Data provided.
════════

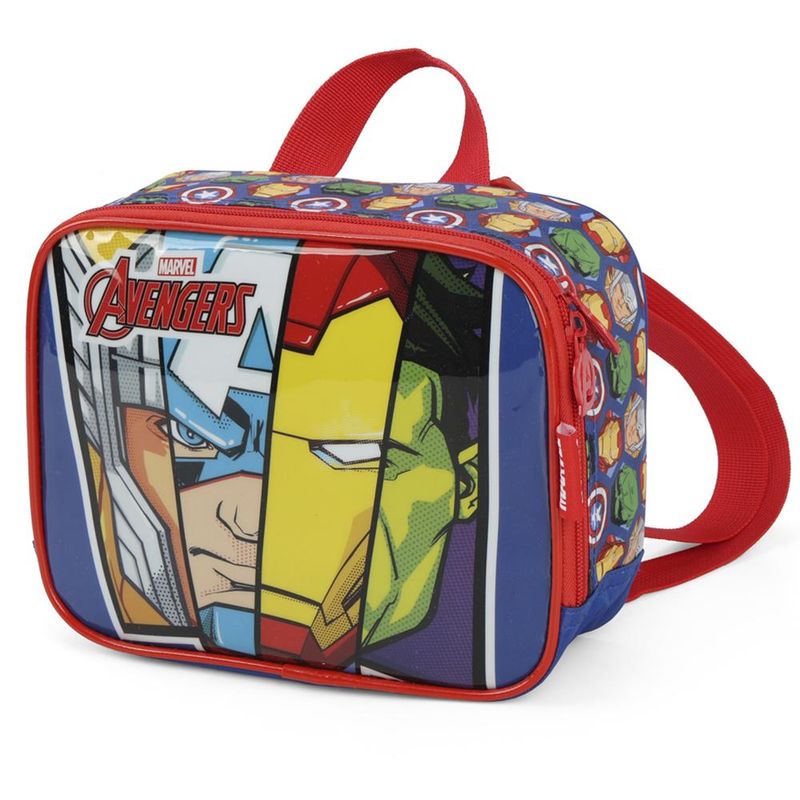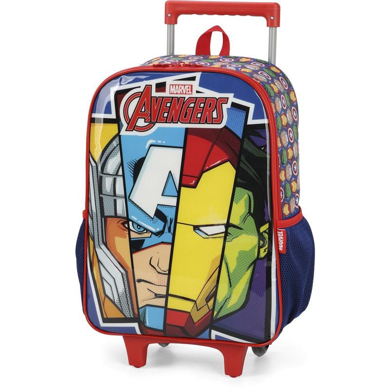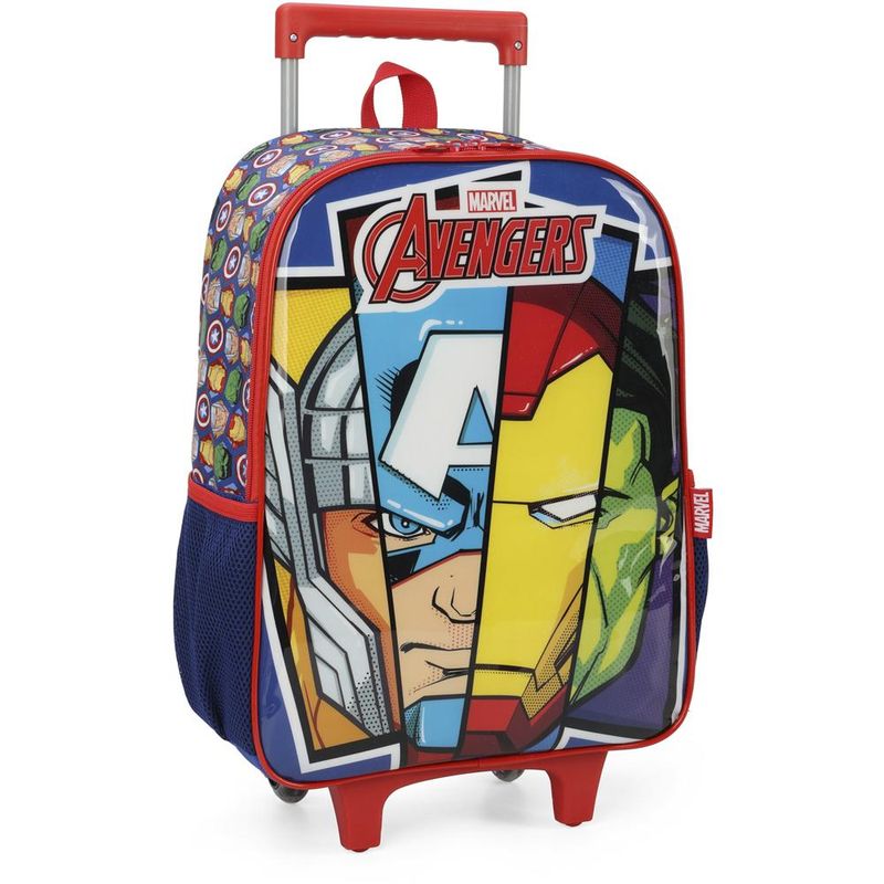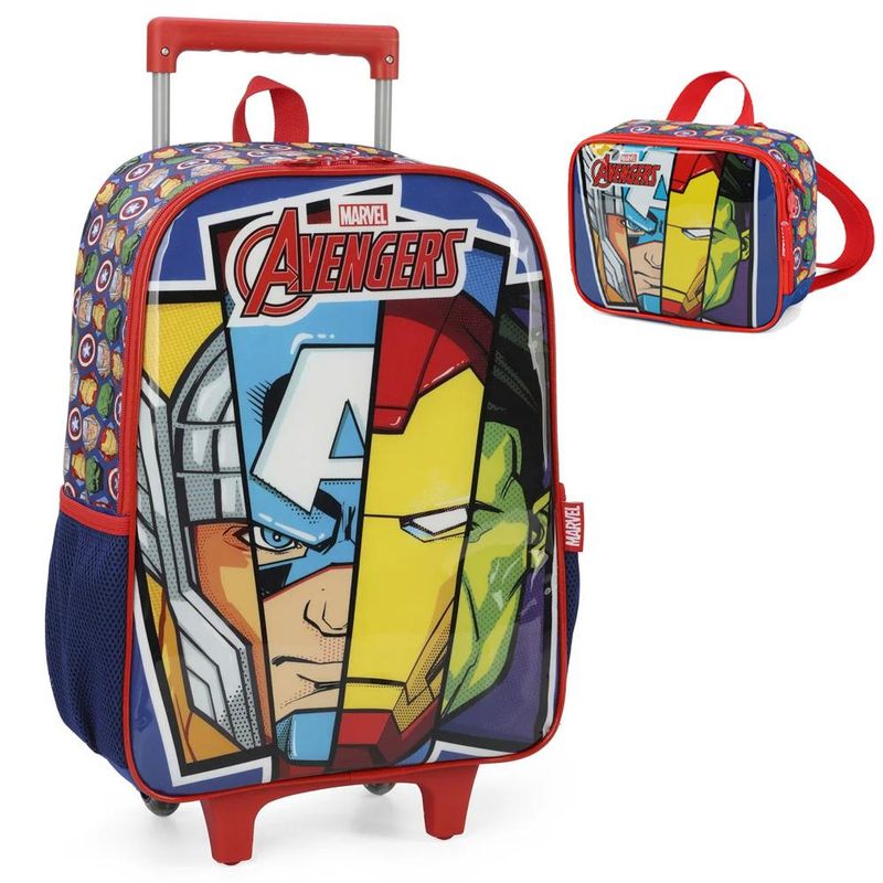 KIT MOCHILA DE RODINHAS E LANCHEIRA LUXCEL AVENGERS Kit mochila de rodinhas com bolsos laterias em tela com elástico, alças de costas espumadas e reguláveis, silk frontal, bolso frontal com zíper, alça de mão. Lancheira estampada com alça de costas e alça de mão, além de etiquetas personalizadas. Características Principais: Dimensões aproximadas: Mochila 43 x 31 x 16cm (AxLxP) / Lancheira: 23 x 19 x 10cm (LxAxP). Volume aproximado: Mochila 21 Litros / Lancheira: 4,3 Litros. Garantia contra defeito de fabricação.
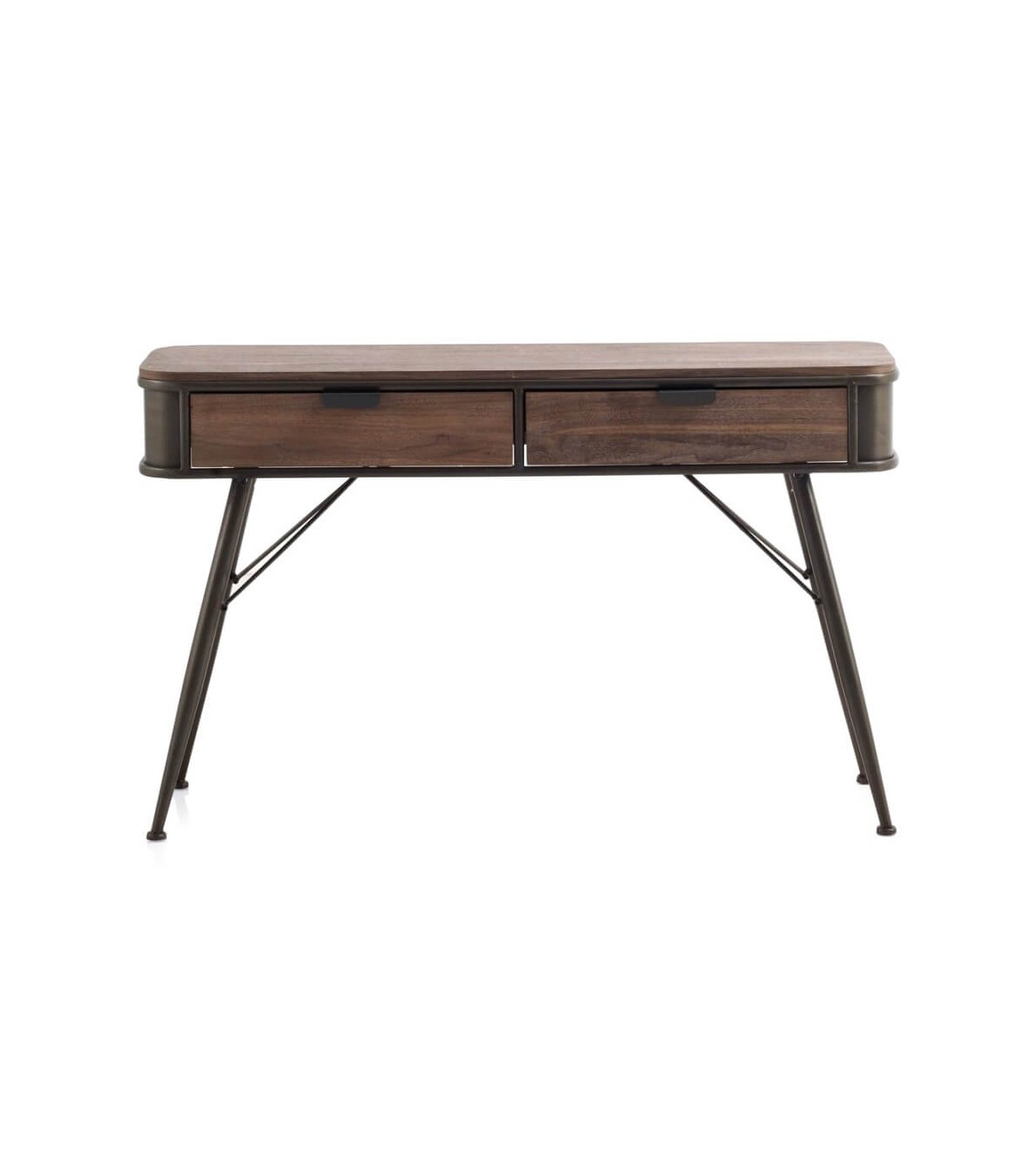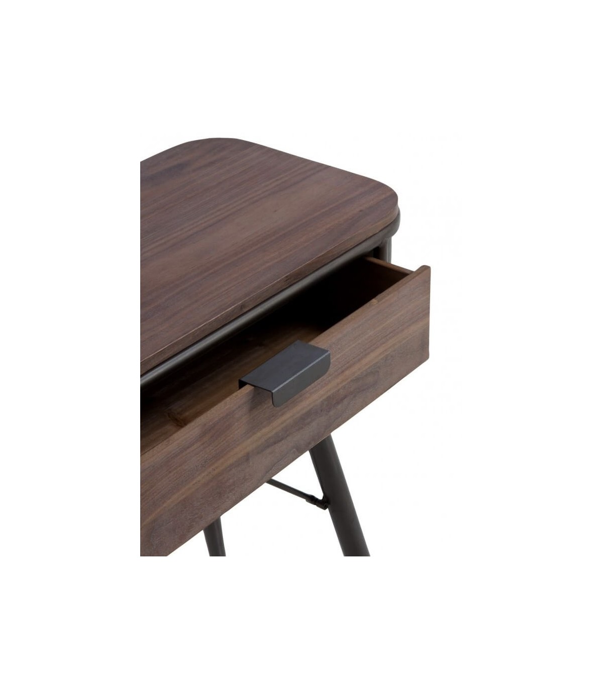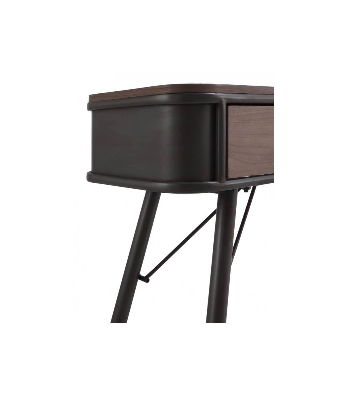 Consola de entrada con 2 cajones, la estructura, tiradores y patas en metal acabado gris rozado, madera de abeto teñida en color nogal, una consola que se podría encajar en decoraciones vintage, coloniales o industriales.
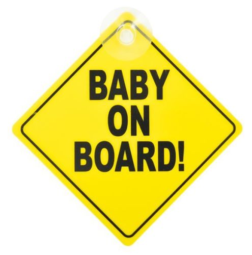 Plaque "Baby on board!" jaune + ventouse
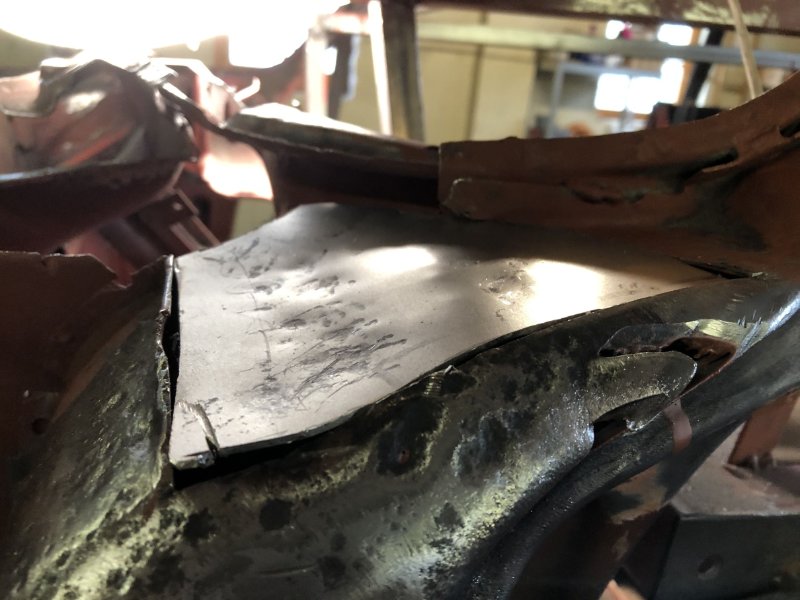 Inneres Frontblech war ein "Eigenbau" von der 1. "Restauration", hatte ich ja auf der rechten seite auch gemacht. Schön blöd! Mit dem Rep.-Blech geht' wesentlich besser, kost' nicht die Welt und sieht einfach besser aus. Man lernt halt dazu...
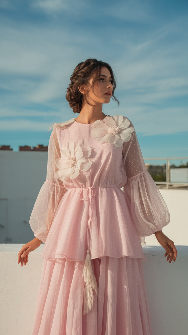 This pastel pink dress showcases oversized fabric flowers on the bodice, enhancing its romantic, springtime design. The polka-dotted sheer sleeves and multi-layered skirt create a flowy, dreamy silhouette. With its cinched waist and tassel tie detail, it’s a stunning choice for vintage-inspired women’s outfits in 2025.
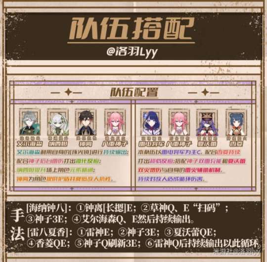 本队以雷电将军为核心,配合香菱持续打出超载反应;搭配神子双雷充能和夏沃雷双火增伤与自身的雷火辅助机制,持续对敌人造成循环伤害。
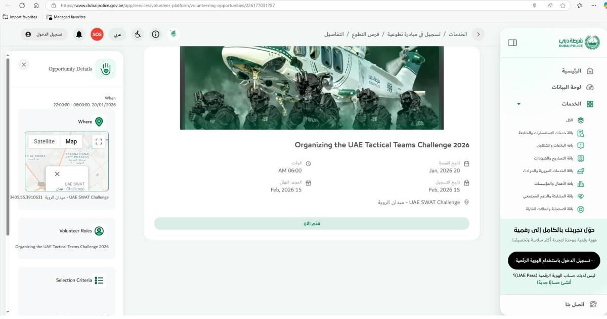 ويأتي هذا الإعلان مع توافر الفرص التطوعية، انطلاقاً من حرص شرطة دبي على تعزيز ثقافة العمل التطوعي وإشراك المجتمع في الفعاليات المهمة، ومنها تحدي الإمارات للفرق التكتيكية الذي بات من أهم التحديات التي تجمع نخب الوحدات الشرطية الخاصة وفرق التدخل السريع والفرق التكتيكية من مختلف دول العالم.

════════

Directions.
Omit every picture, then repeat the remaining data exactly as it appears above.

Answer box.
 KIT MOCHILA DE RODINHAS E LANCHEIRA LUXCEL AVENGERS Kit mochila de rodinhas com bolsos laterias em tela com elástico, alças de costas espumadas e reguláveis, silk frontal, bolso frontal com zíper, alça de mão. Lancheira estampada com alça de costas e alça de mão, além de etiquetas personalizadas. Características Principais: Dimensões aproximadas: Mochila 43 x 31 x 16cm (AxLxP) / Lancheira: 23 x 19 x 10cm (LxAxP). Volume aproximado: Mochila 21 Litros / Lancheira: 4,3 Litros. Garantia contra defeito de fabricação.
 Consola de entrada con 2 cajones, la estructura, tiradores y patas en metal acabado gris rozado, madera de abeto teñida en color nogal, una consola que se podría encajar en decoraciones vintage, coloniales o industriales.
 Plaque "Baby on board!" jaune + ventouse
 Inneres Frontblech war ein "Eigenbau" von der 1. "Restauration", hatte ich ja auf der rechten seite auch gemacht. Schön blöd! Mit dem Rep.-Blech geht' wesentlich besser, kost' nicht die Welt und sieht einfach besser aus. Man lernt halt dazu...
 This pastel pink dress showcases oversized fabric flowers on the bodice, enhancing its romantic, springtime design. The polka-dotted sheer sleeves and multi-layered skirt create a flowy, dreamy silhouette. With its cinched waist and tassel tie detail, it’s a stunning choice for vintage-inspired women’s outfits in 2025.
 本队以雷电将军为核心,配合香菱持续打出超载反应;搭配神子双雷充能和夏沃雷双火增伤与自身的雷火辅助机制,持续对敌人造成循环伤害。
 ويأتي هذا الإعلان مع توافر الفرص التطوعية، انطلاقاً من حرص شرطة دبي على تعزيز ثقافة العمل التطوعي وإشراك المجتمع في الفعاليات المهمة، ومنها تحدي الإمارات للفرق التكتيكية الذي بات من أهم التحديات التي تجمع نخب الوحدات الشرطية الخاصة وفرق التدخل السريع والفرق التكتيكية من مختلف دول العالم.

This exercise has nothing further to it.